When dealing with complex functions where closed-form solutions for optimization are not available or feasible to derive, iterative methods are employed. These methods incrementally approach the optimum through repeated adjustments based on the function's derivative information. A common iterative technique is the Gradient Descent method.

Gradient in 1D

Denoted as $\nabla$, the gradient represents how a function $y = f(\mathbf{x})$ changes with respect to its variables $\mathbf{x}$. In a single-variable case, it simplifies to the derivative with respect to $x$:

$$ \nabla_xf(x)= \frac{d{f}}{d{x}} $$

The symbol $d$ represents a ordinary differential, and $\frac{d{f}}{d{x}}$ denotes the derivative. In engineering, a derivative signifies the change that occurs when we consider infinitesimally small differences or limits.

$$ \frac{df}{dx} = \lim_{\epsilon \to 0} \frac{f(x + \Delta x) - f(x)}{\Delta x} $$

As shown in the simple example below, always keep in mind that $\lim_{\Delta x \to 0}$.

Untitled

The red curve represents the quadratic function $f(x)=x^2$.
The blue line is the secant line, which approximates the derivative using a finite difference, $Δx$.
The green dashed line is the tangent line at $x$, representing the true derivative $f'(x)$ at $x=1.0$.

Gradient Visualization

In the 2-variable example, such as a function $f$ with two input parameters $x_1$ and $x_2$, it's typically expressed as a vector of function’s derivatives with respect to each adjustable parameters like this:

$$ \nabla_xf(x)=\begin{bmatrix} \frac{\partial{f}}{\partial{x_1}}\\\frac{\partial{f}}{\partial{x_2}} \end{bmatrix} $$

The symbol $\partial$ represents a partial differential because we control two variables $x_1$, and $x_2$ that affects the $f$ value.
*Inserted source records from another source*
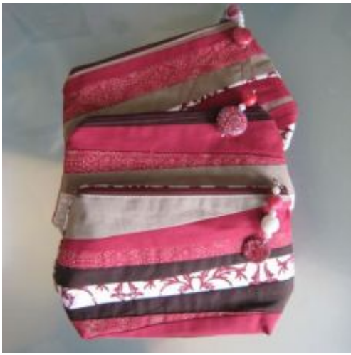
rv-22 "rot" für Dies & Das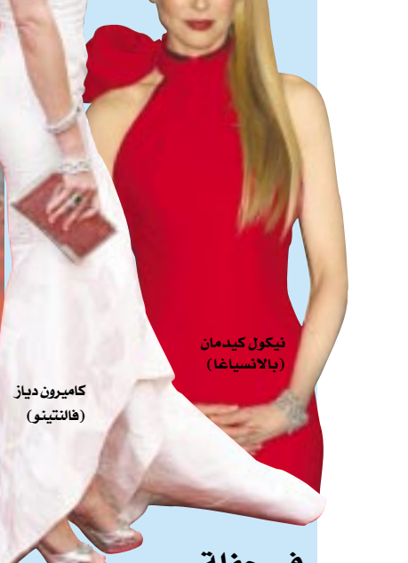
نيكول كيدمان (بالانسيغا)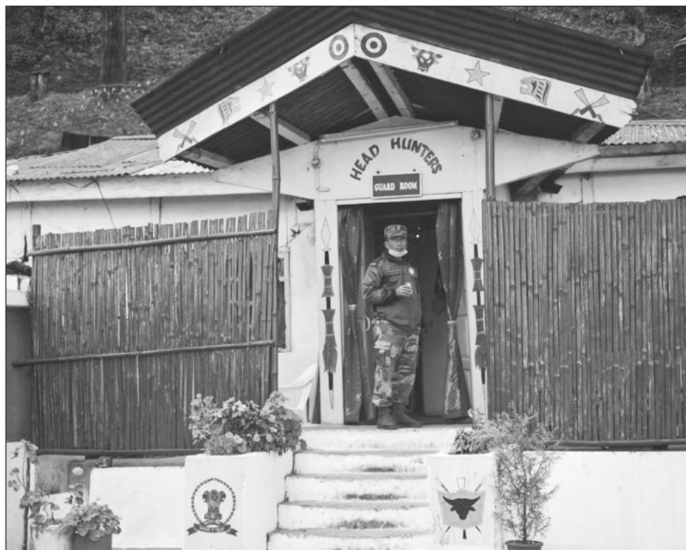
▲ Un oficial del Ejército señaló que los soldados abrieron fuego contra un vehículo después de recibir información sobre un movimiento de rebeldes en la zona.

Un oficial del Ejército señaló que los soldados abrieron fuego contra un vehículo después de recibir información sobre un movimiento de rebeldes en la zona, y mata-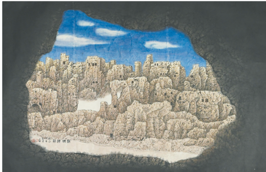
► 故城遗韵 2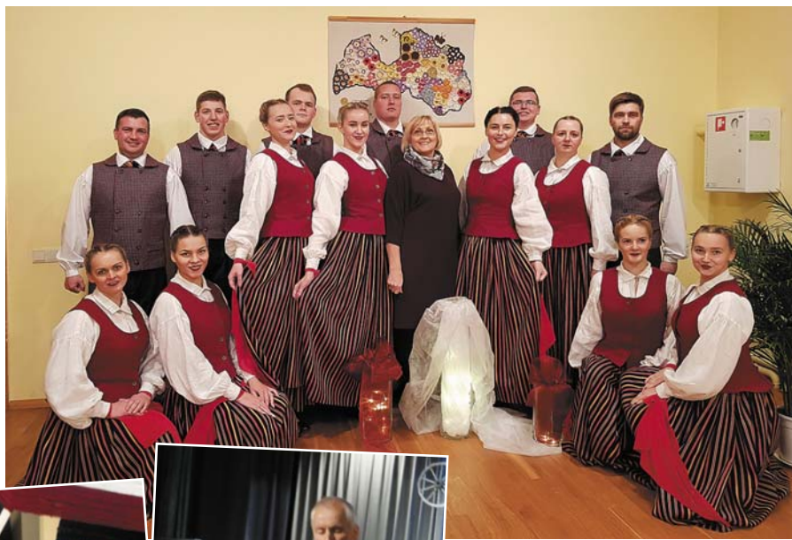
VPDK „Meteņi +” Lauterē.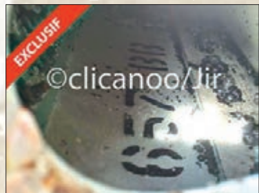
波音777襟副翼與殘骸對比圖。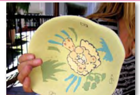
... fertig zum Brennen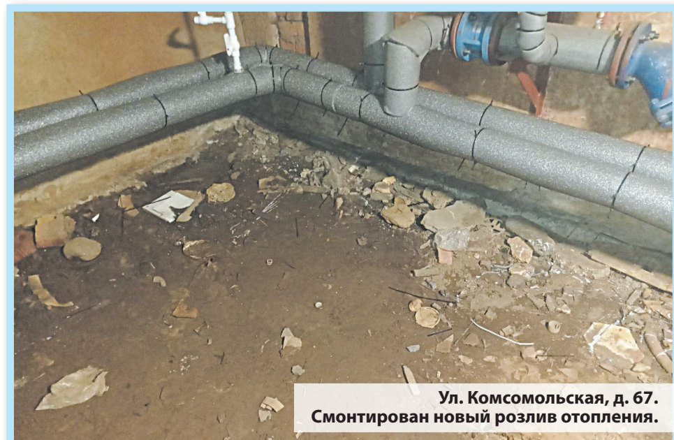
Ул. Комсомольская, д. 67. Смонтирован новый розлив отопления.

The figure below demonstrates the function $y=f(x_1, x_2)=xe^{-(x_1^2+x_2^2)}$, with its gradients visualized in both two-dimensional. The third dimension $y$ is represented through both height and color variations. Brighter colors signify higher $y$ values, while darker shades indicate lower $y$ values.

Untitled

In this example, a heatmap is placed on the right side to visualize the gradient vectors $[\frac{\partial{f}}{\partial{x_1}}, \frac{\partial{f}}{\partial{x_2}}]$ in arrows at various position $(x_1, x_2)$. On the heatmap, you can see that near the deep blue areas, the arrows (i.e.,the gradient vector) point outward, which means the function values are going up. In contrast, near the light yellow areas, the arrows point inward, indicating that the function values are increasing in that direction. When we map this to the 3D space, these arrows at any given $x_1,x_2$ position show us the direction where the function $y$ increases the most.

Takeaway: When considering a specific point $x$, the gradient $\nabla_f(x)$ indicates the direction in which the value of the function increases most rapidly.

The magnitude of the gradient (represented by the length of the vector) illustrates the steepness of this increase.
If we adjust $x$ along the direction of the gradient, the value of $f$ will increase. Conversely, if we modify $x$ in the direction opposite to the gradient, the value of $f$ will decrease.